There is some great information in this movie. Information that could – potentially – open people’s eyes and minds. In particular, the interviews with the embalmers and morticians are incredible. The long, white fibrous material they have been finding in dead people’s arteries and veins after the vaccine rollout is truly horrifying. It isn’t new, but it’s presented all in one place in a highly compelling way, especially the scene where you see it being removed from a dead body during an embalming session. The movie would have been far more effective if it had just focused on that (and dug deeper to show what they’re made of, etc.). But unfortunately it tainted that and other good information (such as presented by Dr. Ryan Cole, Steve Kirsch and Dr. James Thorp) by covering it with a lot of garbage. Here are four examples of the garbage that stuck out and that I remember. There may be more.
1. The coverage of the DMED data (the military’s medical database). Mathew Crawford looked into the DMED data and discovered that the original whistleblowers had made a simple mistake in comparing 2021 with previous years: what they essentially did is to count every office visit instead of every diagnosis. So if you were newly diagnosed with, say, myocarditis, every visit you had with the military health system (more or less) was added up and compared to how many individuals had been diagnosed with myocarditis in previous years. (The details are a bit more nuanced, but that captures the basic gist of the error.) This means that, although there was a sizeable increase in many different health diagnoses, it was not nearly as large as those whistleblowers thought and that Thomas Renz brought to people’s attention with his testimony at the ‘Second Opinion’ hearing by Sen. Ron Johnson, which appears in the movie.
The weirdest thing about this is that none of the people involved in bringing the DMED scandal to light have shown the slightest interest in correcting their mistakes, and so these falsehoods continue to be repeated and now amplified by Stew Peters. Remember, Peters is the guy who brought us the now totally discredited film that tried to make the case that Covid was deadly because it had similarities to snake venom and was spread through tainted water.
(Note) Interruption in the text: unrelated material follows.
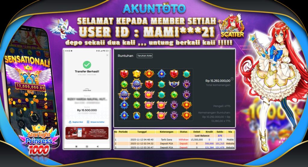 AKUNTOTO JACKPOT SLOT STARLIGHT PRINCESS1000 Rp15.000.000 RABU 12 NOVEMBER 2025
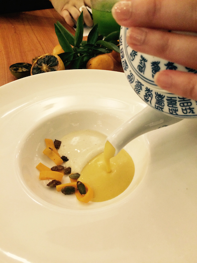 The dessert paid homage to the classic French Floating Island concept, but at the same time gave a nod to Chinese dessert soups with a toasted almond anglaise spiked with a punchy thyme meringue (acting as the island), plus bits of mangosteen and dragon fruit for freshness.

I no longer trust anything this guy says or does. He and his team are either terrible at vetting reliable information or they are engaged in a deliberate campaign to discredit the health freedom movement. And it is truly a shame in this case because there is much valuable, true information in the film that is now tainted by being mixed together with so much false information.
2. Declining birth rates in Australia. Yes, birthrates in most parts of the world have declined significantly in late 2021 and especially 2022, and in many cases this can be tied to the rollout of Covid jabs, as I discuss in my (occasionally updated) post here. One graph shown in the movie displays statistics for several countries, including a massive decline in birth rates for Australia that sticks out like a sore thumb. Turns out that huge decline is simply due to a reporting problem where the numbers of births from December 2021 are hugely undercounted when the official statistics are released, and then generally not updated until much later. So that huge decrease shown in the movie is just plain wrong.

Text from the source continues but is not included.